Data below.
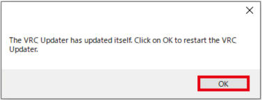 | 19. アップデーター の 再起動 を 行う為、赤 枠部 の 「 OK 」 を クリック します。 |
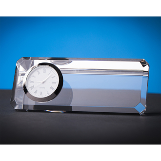 Kryształowy przycisk do papieru z zegarem. Pakowany w czarne upominkowe pudełko. W zestawie bateria AG4 1szt.
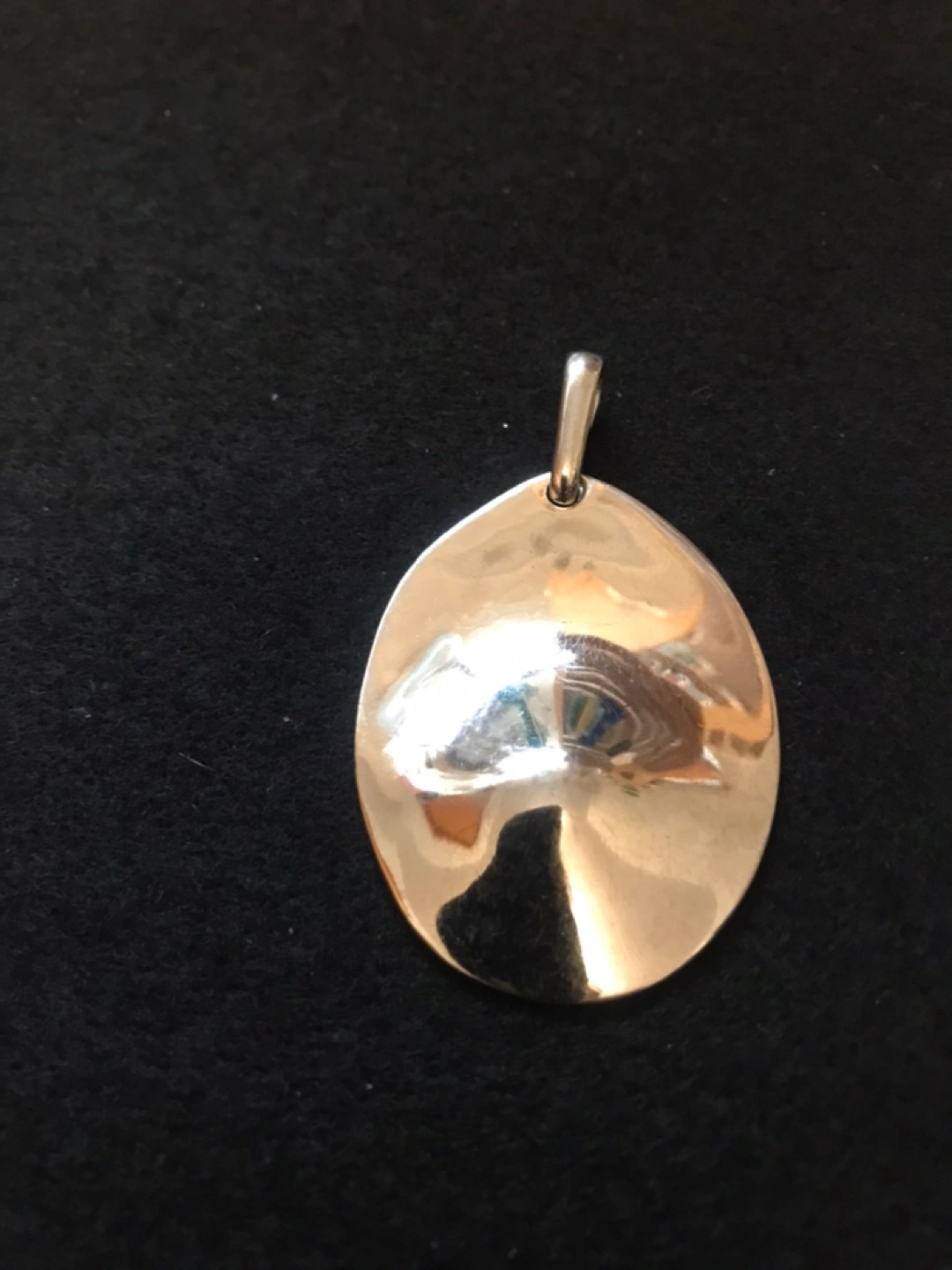A shiny silver oval pendant with a hammered textured back. It's a simple, classic piece for any outfit. Measures 2” X 1.5”

Exercise prompt. Without the pictures, write out the listing exactly as it appears above.

Your response.
 | 19. アップデーター の 再起動 を 行う為、赤 枠部 の 「 OK 」 を クリック します。 |
 Kryształowy przycisk do papieru z zegarem. Pakowany w czarne upominkowe pudełko. W zestawie bateria AG4 1szt.
A shiny silver oval pendant with a hammered textured back. It's a simple, classic piece for any outfit. Measures 2” X 1.5”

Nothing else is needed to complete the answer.